1. Description of Business

XOMA Corporation (“XOMA” or the “Company”), a Delaware corporation, combines a portfolio of clinical programs and research activities to develop innovative therapeutic antibodies that it intends to commercialize. XOMA focuses its scientific research on allosteric modulation, which offers opportunities for new classes of therapeutic antibodies to treat a wide range of human diseases. XOMA’s scientific research has produced five product candidates to treat diseases within the endocrine therapeutic area.  These include candidates from the XMet platform, which consists of several Selective Insulin Receptor Modulator antibodies that could offer new approaches in the treatment of metabolic diseases.  The lead compound from the XMet platform, XOMA 358, is a fully human monoclonal negative allosteric modulating antibody that binds to insulin receptors and attenuates insulin action.  XOMA intends to investigate this compound as a novel treatment for non-drug-induced, endogenous hyperinsulinemic hypoglycemia (low blood glucose caused by excessive insulin produced by the body). In October 2015, the Company initiated a Phase 2 proof-of-concept study for XOMA 358 in patients with congenital hyperinsulinemia.  XOMA’s endocrine portfolio also includes a Phase 2 ready product candidate targeting the prolactin receptor as well as other preclinical or research stage programs.  The Company’s products are presently in various stages of development and are subject to regulatory approval before they can be commercially launched.

On July 22, 2015, the Company announced the Phase 3 EYEGUARD-B study of gevokizumab in patients with Behçet’s disease uveitis, run by Servier, its partner for gevokizumab, did not meet the primary endpoint of time to first acute ocular exacerbation.  In August 2015, XOMA announced its intention to end the EYEGUARD global Phase 3 program.  In September 2015, Servier notified XOMA of its intention to terminate the Amended and Restated Collaboration and License Agreement dated February 14, 2012, as later amended on November 4, 2014 and January 9, 2015, and return the gevokizumab rights to XOMA. Termination of the collaboration agreement with Servier will be effective on March 25, 2016. As gevokizumab does not fit the Company’s strategic focus on endocrine diseases, the Company announced in March 2016 it is closing its Phase 3 study in pyoderma gangrenosum.

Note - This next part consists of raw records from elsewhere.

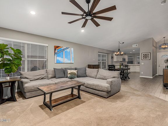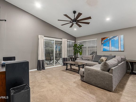 This is it! An open concept design with vaulted ceilings, wood tile planks in all the right places, plush carpet, and neutral paint—this home is meticulously cared for! Additional features include stainless steel appliances, ample lighting, granite counters, a fully renovated master suite with a walk-in closet, separate shower/tub, and toilet room. You'll find spacious secondary bedrooms, an interior laundry room, a covered patio, a grassy front and backyard with ample privacy, hardwired landscape lighting, and pavers. Nestled in the highly desirable Superstition Springs community, enjoy access to parks, a covered playground, volleyball court, and a great golf course!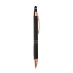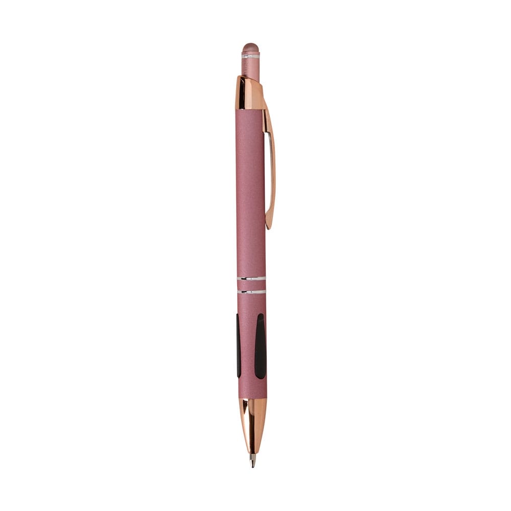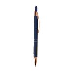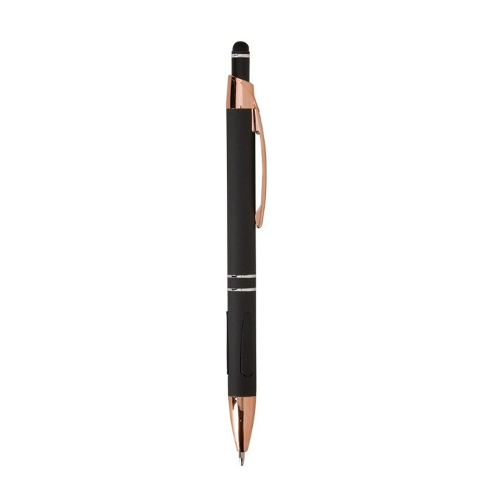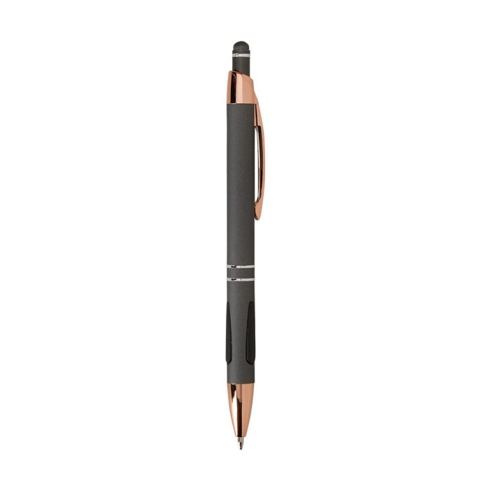 Descrição: Caneta em metal com detalhes emborrachados, carga esferográfica azul de 1.0mm e acionamento por clique com acabamento emborrachado que permite seu uso como uma caneta touch para interação com dispositivos de tela sensível ao toque.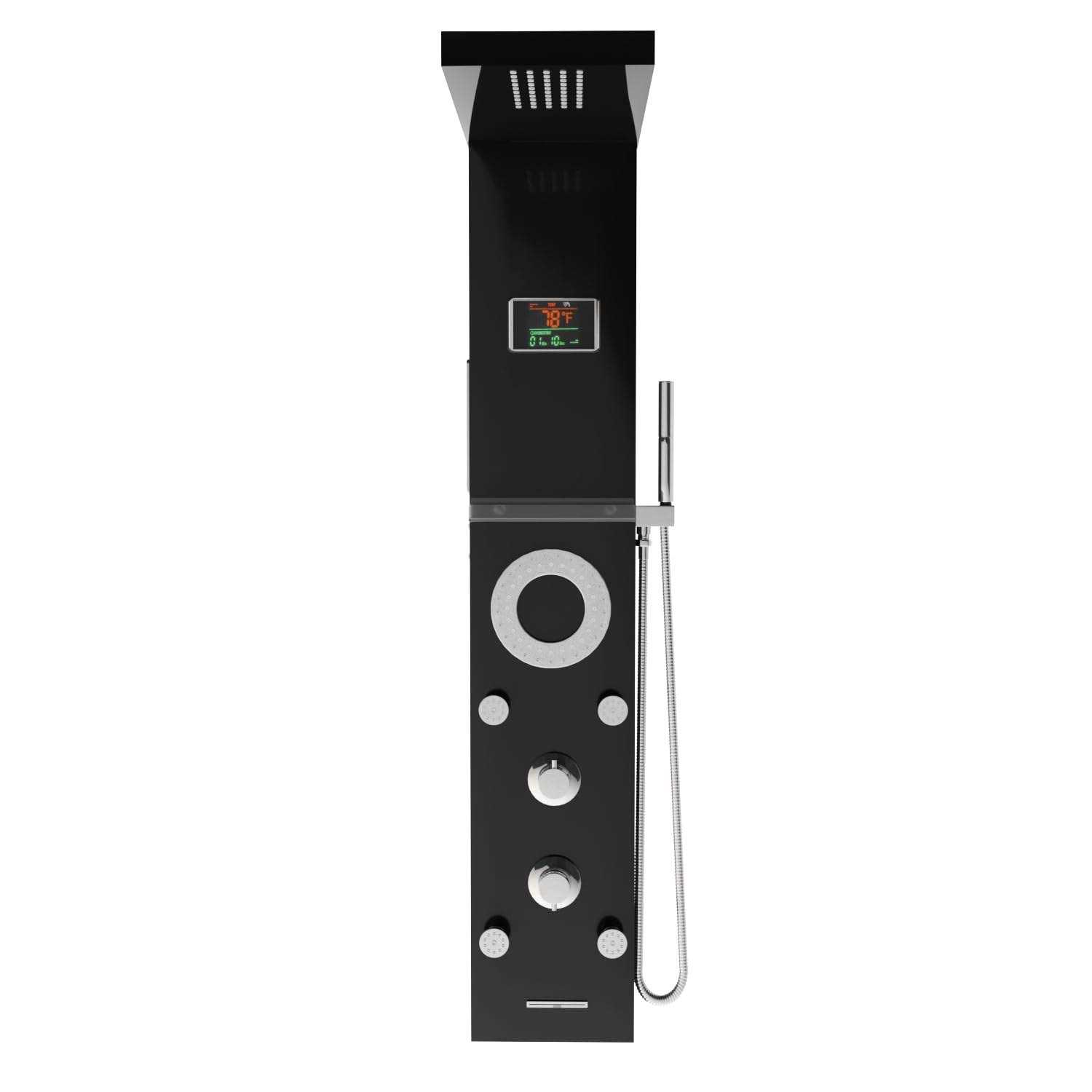 LED Shower Panel Lights: The rain shower head has LED lights, the blue light from the nozzles bring you a more comfortable bathing experience. And there is a temperature display that assist you to select the best water temperature to bath. 5-Function Tower Shower Panel: shower panel features built-in LED temperature display (need five 5V battery), LED rainfall shower head, body jets, tub spout, and 2-function handheld spray, you can combine shower panel functions as you like. Easy Installation: The black shower panel system is wall mounted, requiring just four holes on the wall. Once the shower panel is assembled, it can be directly hang on the wall. All accessories are included in package, installation simple, no need for installation workers, saving installation cost. Shower Panel System Material: The shower panel system is made of durable 304 stainless steel, features corrosion-resistant, High temperature resistance, and longer useful life. The pressure balance valve cartridge monitors water pressure balance to protect you from scald due to sudden changes of pressure of hot or cold water. 5-Function Shower Panel System: shower panel features built-in LED temperature display (need five 5V battery), LED rainfall shower head, body jets, tub spout, and 2-function handheld spray, you can combine shower panel functions as you like.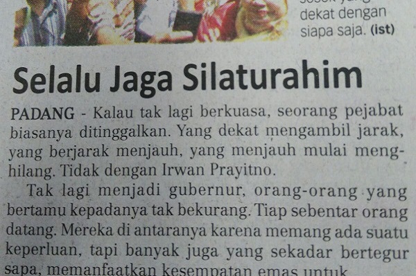 PADANG-Kalau tak lagi berkuasa, seorang pejabat biasanya ditinggalkan. Yang dekat mengambil jarak, yang berjarak menjauh, yang menjauh mulai menghilang. Tidak dengan Irwan Prayitno. Tak lagi menjadi Gubernur Sumbar, orang-orang yang bertamu kepadanya tak bekurang. Tiap sebentar orang datang. Mereka di antaranya karena memang ada suatu keperluan, tapi banyak juga yang sekadar bertegur sapa, memanfaatkan kesempatan emas untuk berjumpa. Maklum, ketika masih menjadi gubernur, dengan kegiatan yang sangat padat, tak gampang bisa berjumpa dengan Irwan.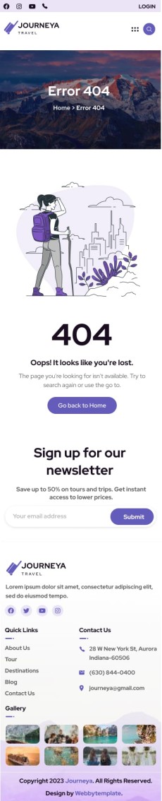 Journeya website template Mobile 404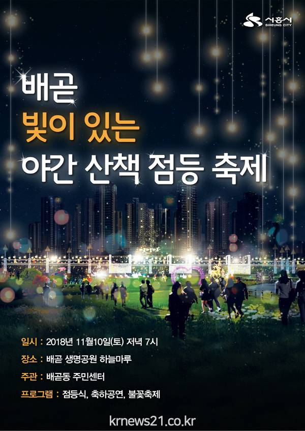 배곧동 주민센터(동장 최병호)는 오는 10일 저녁 6시30분부터 8시30분까지 배곧생명공원에서 ‘배곧, 빛이 있는 야간 산책 - 점등 축제’를 개최한다.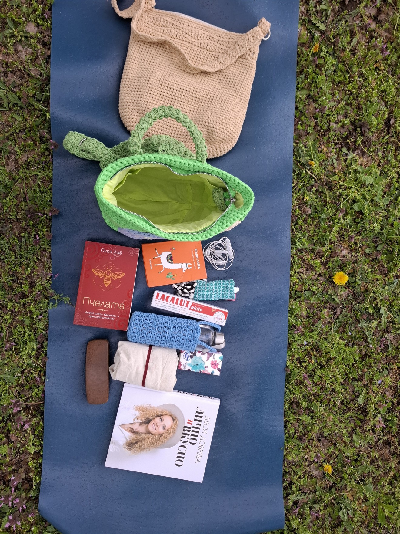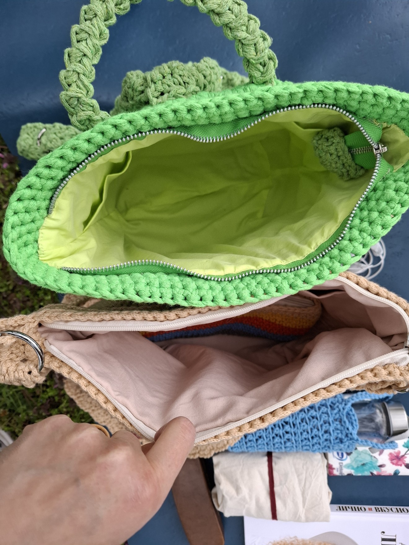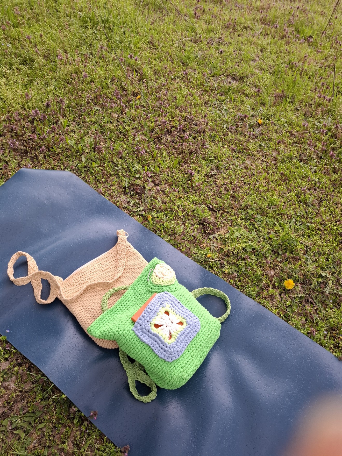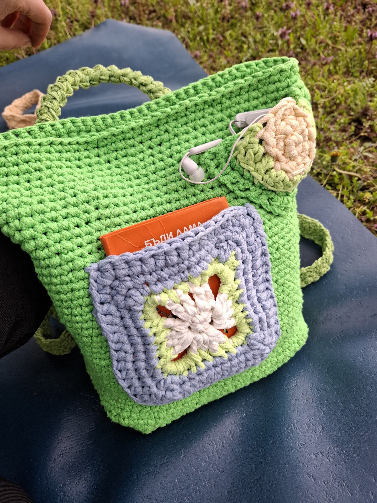 Дамска раница "Пролетни цветя". Получи името си, малко преди да изляза да я снимам. Вкъщи я описаха, че цила зелена и с цветя, точно като пролетта. Има два малки външни джоба и се закопчава с цип отгоре. Изплетена е от лека равномерна памучна лента. Плетени дръжки от тънко памучно въже, които могат да се регулират. Има подплата с два вътрешни джоба от едната страна. Размери: Височина 30 см. Дъно 26/13 см. На снимките се вижда какво събира, включително във външните джобчета. Напишете съобщение, ако я познаете за себе си или за подарък. Поздрави! Пълноцветни дарове

Liquidity and Management Plans

The Company has incurred operating losses since its inception and had an accumulated deficit of $1.1 billion at December 31, 2015.  Management expects operating losses and negative cash flows to continue for the foreseeable future.  As of December 31, 2015, the Company had $66.3 million in cash, cash equivalents and marketable securities, which is available to fund future operations. Taking into account the repayment of its outstanding debt classified within current liabilities on the Company’s consolidated balance sheet as of December 31, 2015, the Company anticipates that it has adequate resources to fund its operations through December 31, 2016.

The Company’s ability to raise additional capital in the equity and debt markets, should the Company choose to do so, is dependent on a number of factors, including, but not limited to, the market demand for the Company’s common stock, which itself is subject to a number of pharmaceutical development and business risks and uncertainties, as well as the uncertainty that the Company would be able to raise such additional capital at a price or on terms that are favorable to the Company.